### Exercise objective:
Would you retype the listing below word for word, without any of its pictures?

### Provided material:
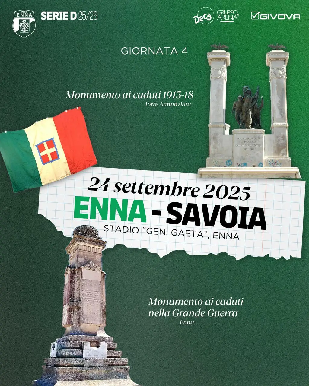 In occasione della partita di Serie D tra Enna e Savoia, vogliamo ricordare e onorare due importanti monumenti ai caduti che rappresentano la memoria storica e il sacrificio delle nostre comunità durante la Grande Guerra.
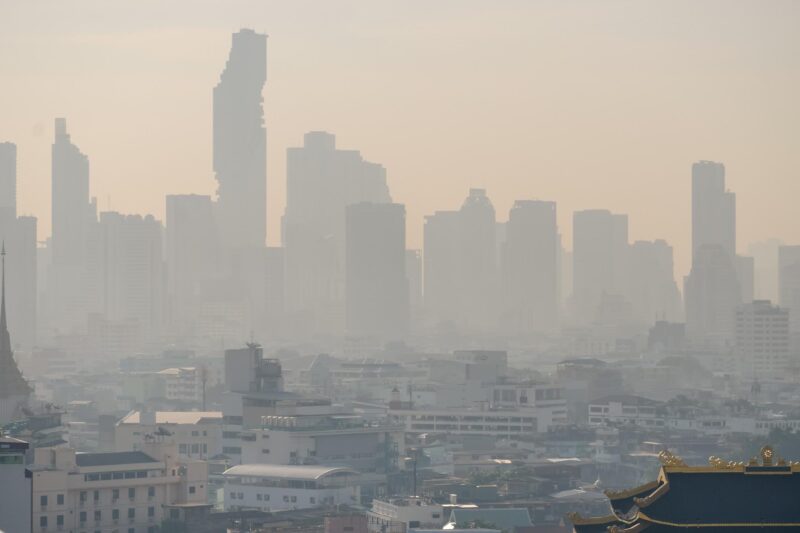 Problem air pollution at hazardous levels with PM 2.5 dust, smog or haze, low visibility in Bangkok city ,Thailand
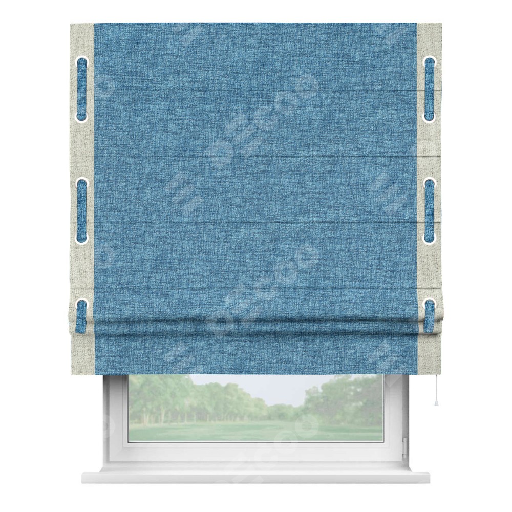 Римская штора «Кортин» для проёма, рогожка димаут джинс, с кантом Стрим Дуо (люверсы с пояском)

### Answer box:
 In occasione della partita di Serie D tra Enna e Savoia, vogliamo ricordare e onorare due importanti monumenti ai caduti che rappresentano la memoria storica e il sacrificio delle nostre comunità durante la Grande Guerra.
 Problem air pollution at hazardous levels with PM 2.5 dust, smog or haze, low visibility in Bangkok city ,Thailand
 Римская штора «Кортин» для проёма, рогожка димаут джинс, с кантом Стрим Дуо (люверсы с пояском)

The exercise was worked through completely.